### TASK STATEMENT
The material below has pictures in it. Set down only the lines from the line containing "1.국세청 홈택스 접속" through the line containing "The parents and", word for word, and leave the pictures behind.

### SUPPLIED MATERIAL

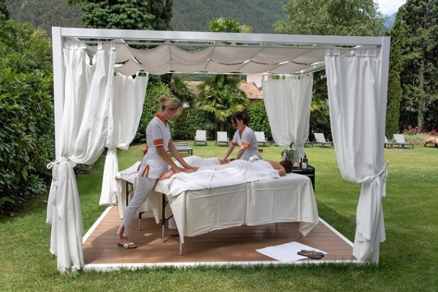 Il Lido Palace di Riva del Garda (TN), raffinato 5 stelle incorniciato dal Lago di Garda e dalle montagne, nel gazebo immerso nel parco secolare, con i suoni dell’acqua a fare da colonna sonora, propone l’esclusivo Open air massage. Il massaggio con oli pregiati biologici certificati, è studiato per donare equilibrio a tutto il corpo. Prezzo di 110 euro a persona per 45 minuti e di 220 euro in coppia (Tel. 0464 021899, www.lido-palace.it).
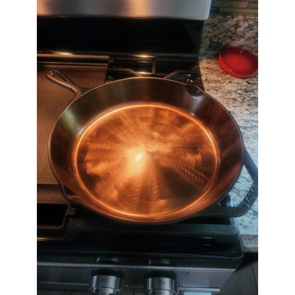If you are looking for the WOW factor when cooking with cast iron, something that can be passed on from generation to generation, here is the cast iron skillet for you! You will receive a smooth INSIDE BOTTOM AND SIDES (yet enough texture to bond the seasoning), beautifully bronzed finish pan to cook in while preserving the classic Lodge skillet black look on the rest of the pan.
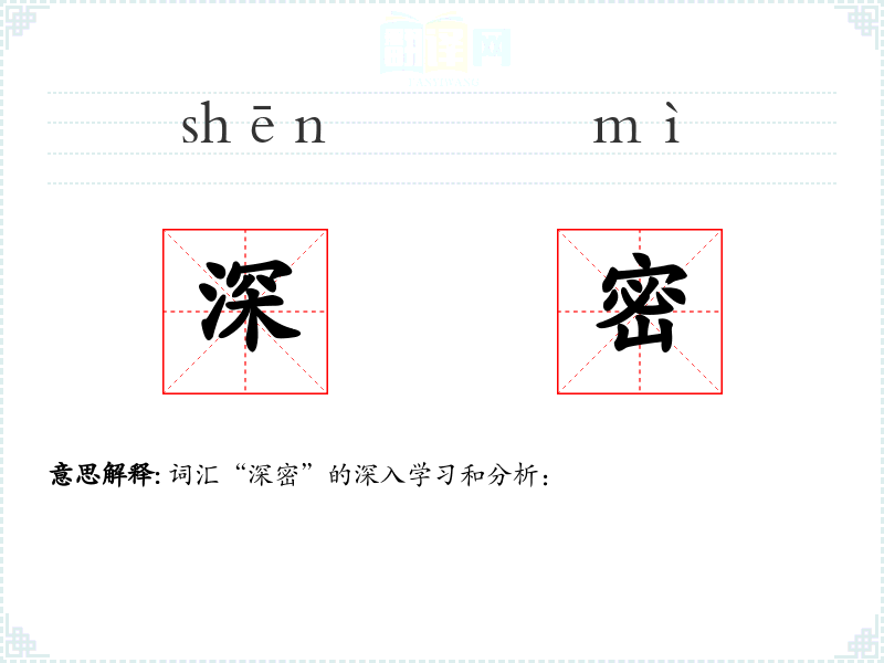 “深密”一词由“深”和“密”两个字组成,“深”指深度或深奥,“密”指紧密或隐秘。在古代汉语中,这两个字常一起使用来形容事物的难以理解或接近。
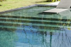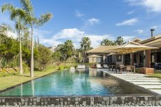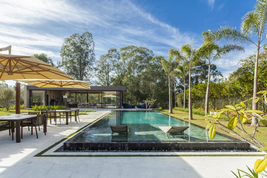Na área externa, a piscina foi posicionada próximo a varanda da casa principal e ao anexo, de forma que todos pudessem aproveitar. A construção, com profundidade de até 1,40m e uma borda infinita com revestimento de pedra hitam, produz um contraste entre as tonalidades dos materiais. "Como em Itu o sol bastante presente, ombrelone era um item que não poderia faltar. Definimos peças grandes de fácil rotatividade para sombrear qualquer canto", conta Carina. Para completar, a cenografia destaca as chaises e mesas de alumínio que não esquentam no calor.
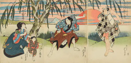 現在の品川区に位置する御殿山には、江戸時代に桜の木が植樹され、海と桜を一度に楽しめる名所として賑わっていたようだ。富士は計算されたかのように、2本の桜の合間から顔を見せている。本図の画面手前には、御殿山の丘陵にゴザを引いて酒を興じる男衆や、家族連れであろうか、稚児を肩車する男性に同じく稚児をおんぶする女性、はたまた扇を手におどける男たちなど、思い思いに花見を楽しむ人々の姿が生き生きと描かれている。
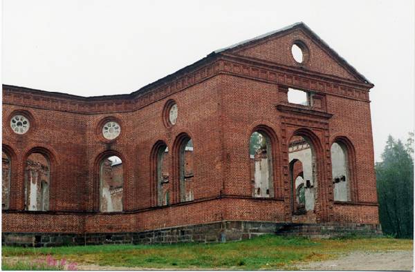 Aihe: Jaakkiman v. 1850 valmistunut Engelin piirtämä 3000 hengen tiilikirkko.
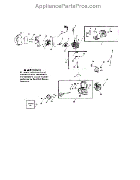 This genuine OEM replacement part is a rebuild kit of various gaskets used in a gas-powered leaf blower engine. This kit includes a crankshaft gasket, a carburetor gasket and carburetor adapter gasket, a cylinder base gasket, and a muffler shield. Gaskets act like a seal between different parts of an engine that keeps different liquids and gasses from passing into the wrong section of the engine. Gaskets can become worn out and crack or shrink over time through repeated use and exposure to exhaust and heat in the engine. A common sign of a fault gasket is if your engine is not running at full capacity or if it stalls out shortly after ignition. Changing out a gasket should not be a difficult job, but it will depend on which gasket you are replacing. Making this repair will require a screwdriver and set of pliers. This gasket rebuild kit is compatible with Poulan, Weed Eater, and Husqvarna gas powered leaf blowers. These gaskets are made of a mix of plastic and rubber. This kit ships individually and is sourced directly from its original manufacturer.
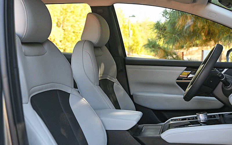 阿图柯AIRTREK采用黑白拼色座椅,整体配色方案和内饰设计比较搭调,在配置上前排座椅提供通风、加热以及电动调节角度功能。
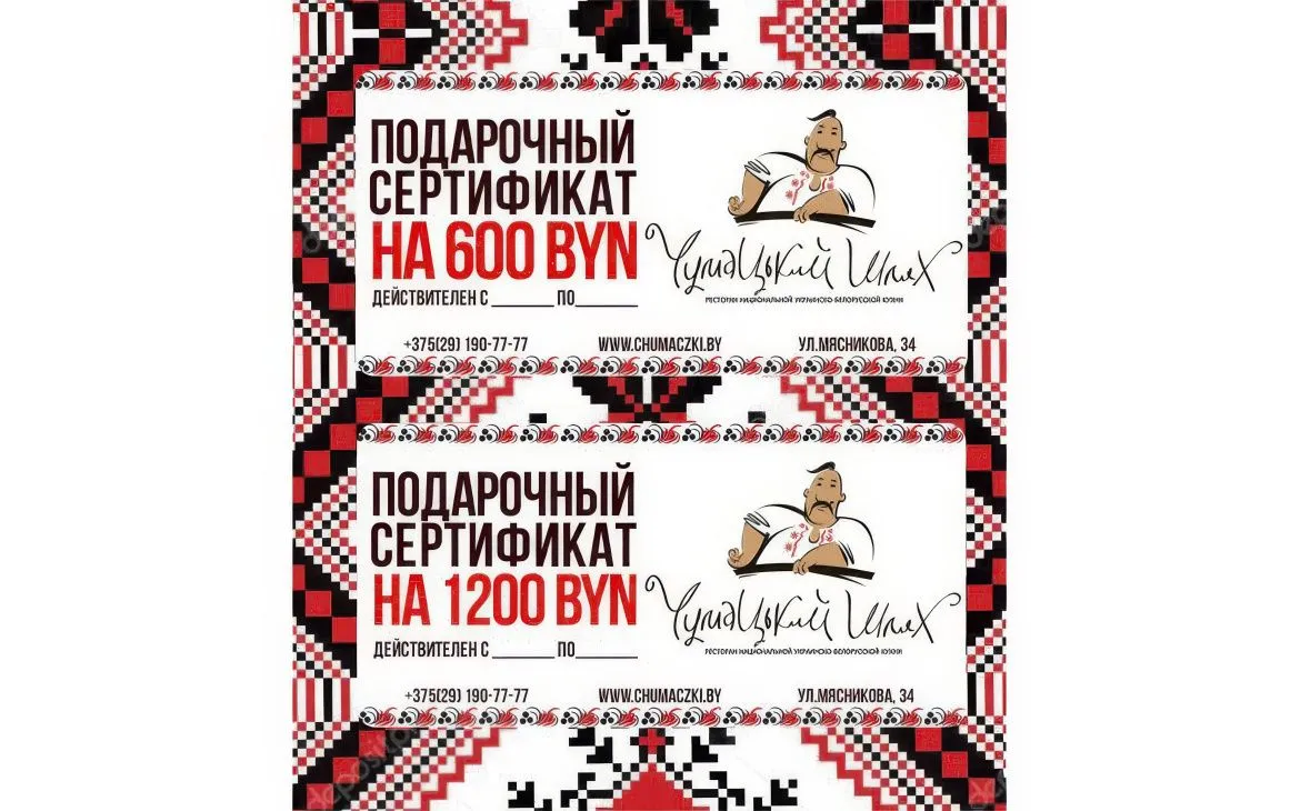 Здесь можно приобрести подарочные сертификаты номиналом от 50 до 1000 руб., которые станут приятным презентом. При покупке сертификата на сумму 500 и 1000 руб. «Чумацький Шлях» дарит еще 100 и 200 руб. к номиналу соответственно.
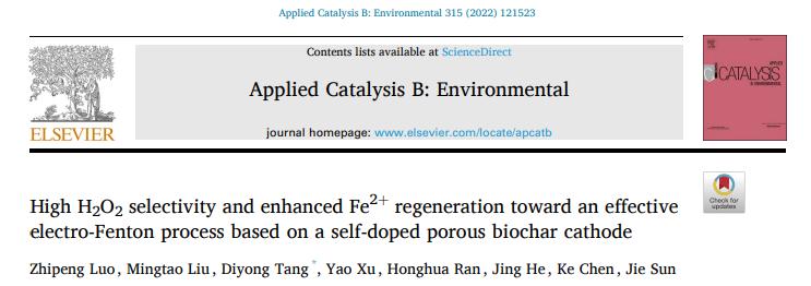 近日,國際知名期刊《Applied Catalysis B: Environmental》發表了我院題為《High H2O2 selectivity and enhanced Fe2+ regeneration toward an effective electro-Fenton process based on a self-doped porous biochar cathode》的研究成果。該研究工作以花生殼生物質為前驅體,利用水熱預處理和熔鹽活化過程制備了自摻雜多孔生物碳(HMC-3),并將其應用作電芬頓技術的陰極材料。論文第一作者為我院研究生羅芝鵬,通訊作者為湯迪勇老師。
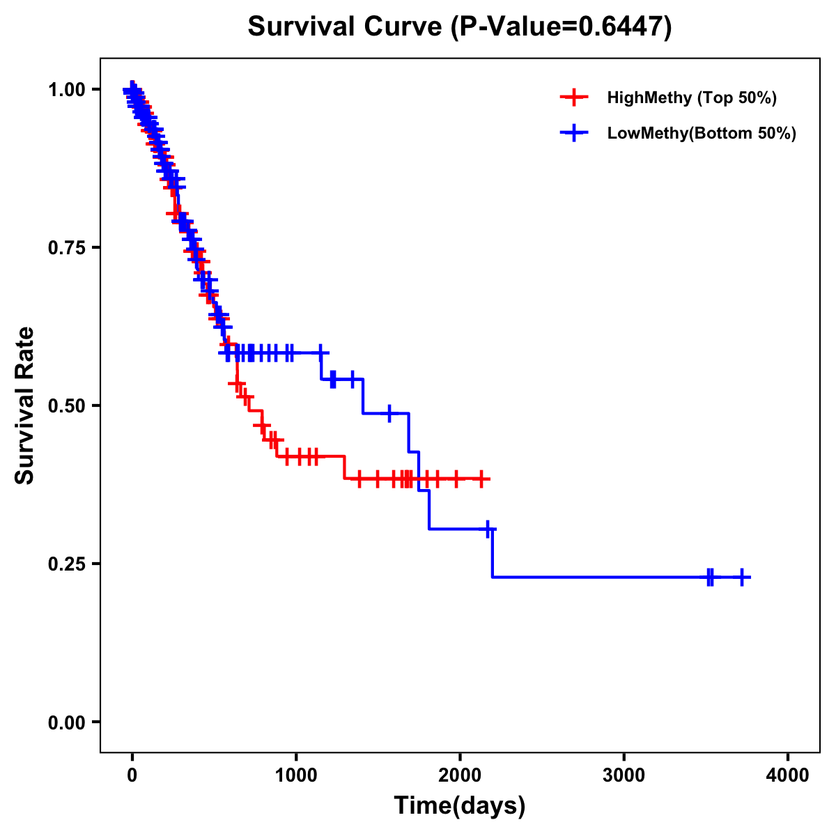 | Survival Curve of Stomach Cancer of Expression | Survival Curve of Stomach Cancer of Methylation | ||
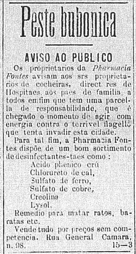 Peste bubônica - Pharmacia Fontes - "Vende tudo por preços sem competência"
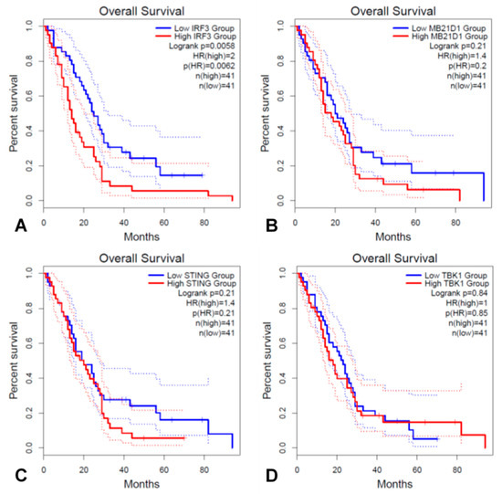 GEPIA2 survival analysis was carried out. The prognostic value of the expression of MB21D1, TMEM173, TBK1, and IRF3 mRNA in MPM was evaluated using the online database, Gene Expression Profiling Interactive Analysis 2 (GEPIA2) [17]. GEPIA2 is a web-based tool that delivers fast and customizable functionalities based on TCGA and genotype-tissue expression data, which contains the gene expression data and survival information of many cancer types. To analyze the overall survival (OS) of the patients, we set the median expression as the expression threshold to split the patient samples into high expression and low expression groups and used a Kaplan–Meier survival plot with the hazard ratio (HR), a 95% confidence interval (CI), and a log rank test p value. GEPIA2 is available at http://gepia2.cancer-pku.cn/ (accessed on 30 January 2021).
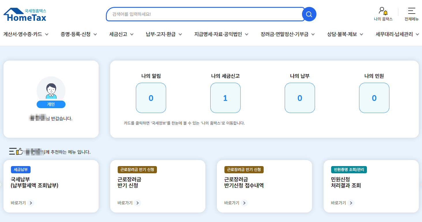 1.국세청 홈택스 접속 (https://www.hometax.go.kr) 및 로그인
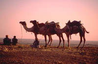 Wir genießen einen großartigen Sonnenaufgang über den Dünen! Unsere Karawane begibt sich nun auf einen Pfad der uns durch Tamarisken- und Akazienhaine führt, über Dünen und vorbei an Quellen und Brunnen. Beim Oued Naam schlagen wir heute unsere Zelte auf.
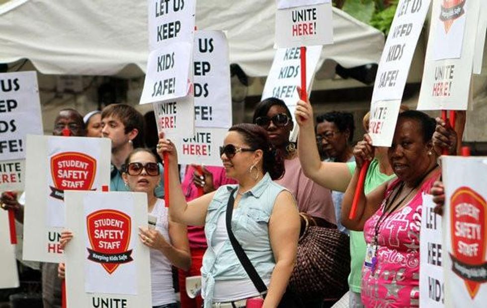 The parents and workers--joined by labor union Unite Here--are demanding a reinstatement of these aid workers, insisting that it is grossly irresponsible to erode school safety at this scale, especially at the Philadelphia's schools labeled 'dangerous' by the state education board.
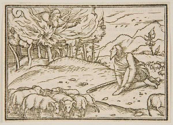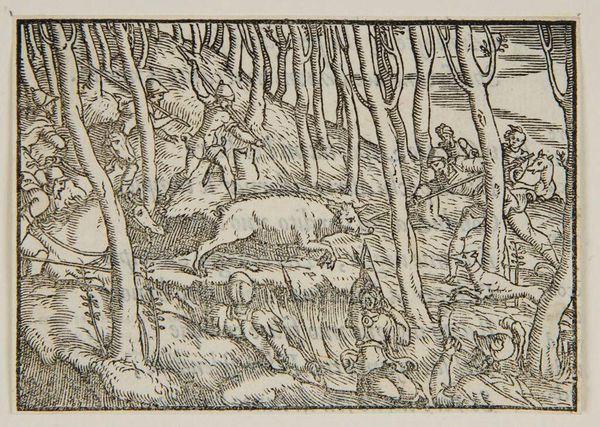 Curator: Let's consider "Cut IV," a woodcut held at the Harvard Art Museums, created by an anonymous artist. Editor: It's immediately striking how graphic it is; the crisp black lines carve out a scene of frantic action, very dramatic. Curator: Indeed. A stag hunt seems to be the subject—men chase after the beast, with one figure pointing towards what seems to be a child in a tree. Editor: That detail is…unsettling. Is it perhaps about innocence threatened amidst the chaos of the hunt? Curator: Possibly. The stark contrast and the stylized rendering of figures lend a dreamlike quality to the piece. The absence of shading adds to the sense of flatness, focusing our attention on the linear storytelling. Editor: It definitely feels like a scene ripped from folklore, where something uncanny is always lurking. I'm left pondering what the child in the tree truly signifies. Curator: Exactly. These details invite us to reflect on the hunt as more than just sport. It becomes a deeper exploration of primal instincts and unexpected encounters. Editor: So, a brief encounter filled with questions and open-ended possibilities. Quite a find!
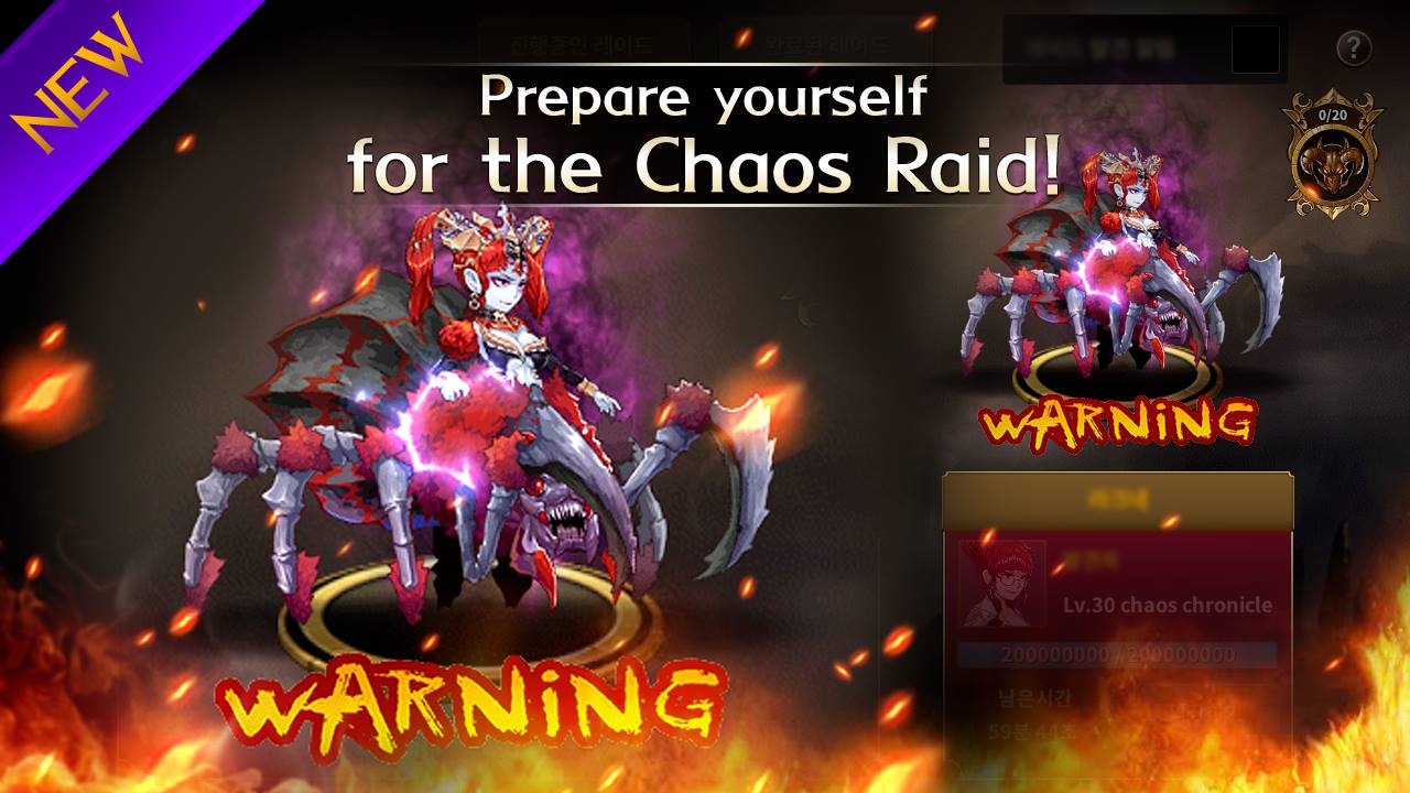 Chaos Chronicle เกมแนว SRPG (วางแผนการรบ) จาก Nexon ที่รองรับทั้งหมด 8 ภาษา และมีผู้เล่นมากถึง 136 ประเทศ ฉลองยอด 1 ล้านดาวน์โหลดด้วยการอัพเดทแพทช์ใหญ่ ระเบิดศึกการต่อสู้แห่งเกียรติยศกับระบบ Guild War ที่ทุกคนรอคอย พร้อมทั้งยังมีการอัพเดทระบบใหม่และอัพเกรดระบบเก่าให้มีความน่าเล่นและสนุกยิ่งกว่าเดิม นอกจากนั้นยังมีของขวัญพิเศษมอบให้กับผู้เล่นทุกท่านเมื่อเข้าเกมจะได้รับ 300 รูบี้ และสำหรับผู้เล่นที่ไม่ได้เข้าเกมนานกว่า 15 วันขึ้นไปจะได้รับ 300 รูบี้ กับตั๋วสุ่มฮีโร่ 6 ดาว x1 อ่านรายละเอียดเพิ่มเติมเกี่ยวกับแพทช์นี้ด้านล่างได้เลย
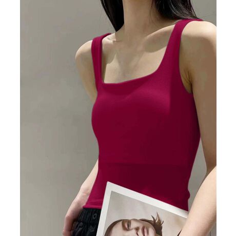 肩ひもが太めなタンクトップです。すっきりとしたシルエットで、着回しやすく、さまざまなコーディネートにぴったり。クラシックなブラック、ホワイト、深みのあるワインレッドの3色展開で、どれも使いやすいです。
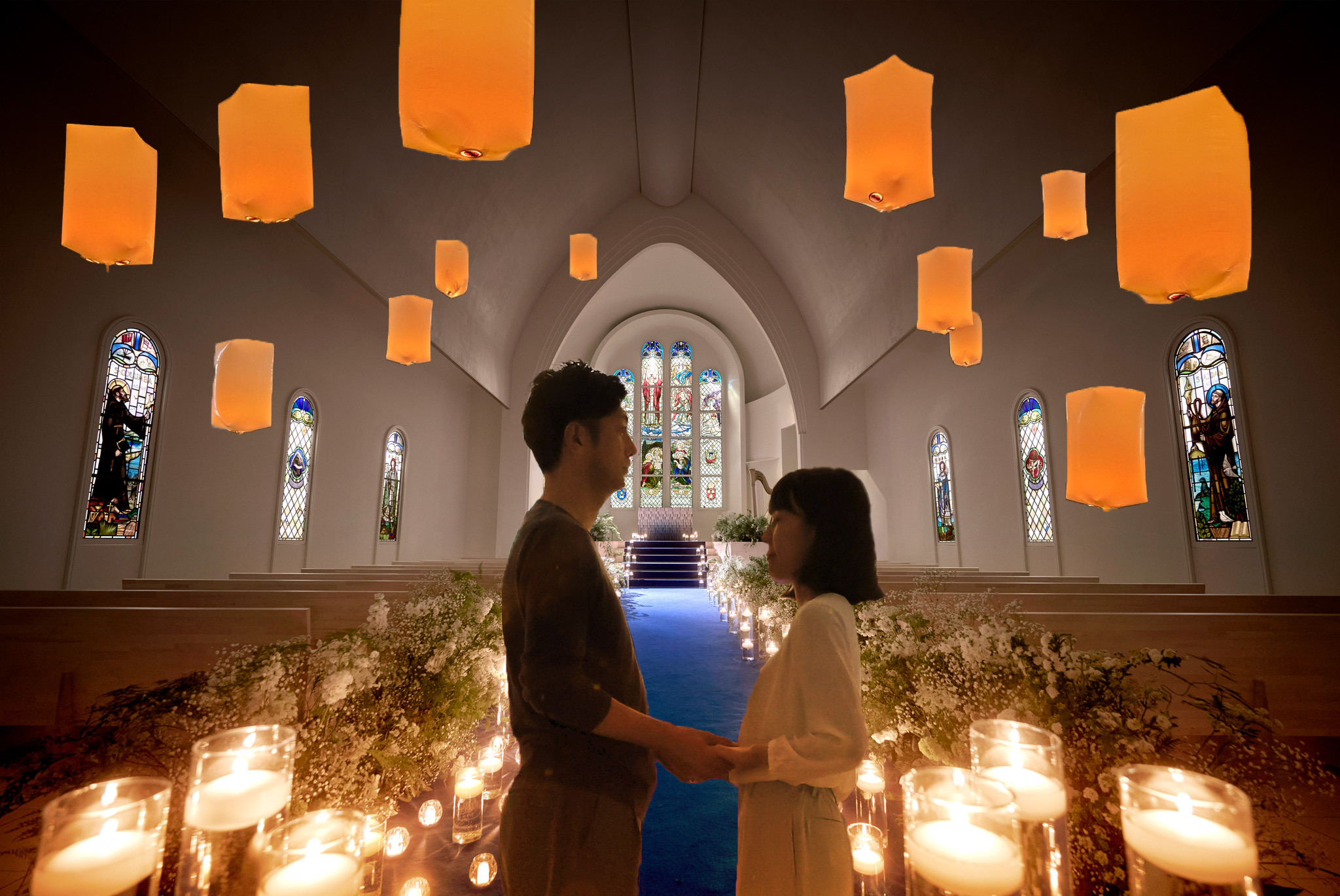 本場タイのランタン祭りも毎年11月に“感謝と厄払い”を願って開催されており、その想いを重ねました。11月23日「いい夫妻の日」になぞらえて、23組一斉にバルーンランタンをリリースしていただきます。表参道店ではチャペル内にて、みなとみらい横浜店では夜空に浮かぶ幻想的な体験を通じて、ロマンティックな思い出づくりをお手伝いさせていただきます。
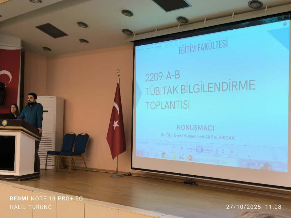 27 Ekim 2025 tarihinde Dr. Öğr. Üyesi Muhammed Ali PALABIÇAK tarafından fakültemiz akademisyenleri ve öğrencilerine TÜBİTAK 2209 Öğrenci Projeleri ile ilgili bilgilendirme semineri yapıldı. Seminer soru-cevap ve belge takdimi ile sonlandı. Tüm katılımcılara teşekkürlerimizi sunuyoruz.

### ANSWER SECTION
 1.국세청 홈택스 접속 (https://www.hometax.go.kr) 및 로그인
 Wir genießen einen großartigen Sonnenaufgang über den Dünen! Unsere Karawane begibt sich nun auf einen Pfad der uns durch Tamarisken- und Akazienhaine führt, über Dünen und vorbei an Quellen und Brunnen. Beim Oued Naam schlagen wir heute unsere Zelte auf.
 The parents and workers--joined by labor union Unite Here--are demanding a reinstatement of these aid workers, insisting that it is grossly irresponsible to erode school safety at this scale, especially at the Philadelphia's schools labeled 'dangerous' by the state education board.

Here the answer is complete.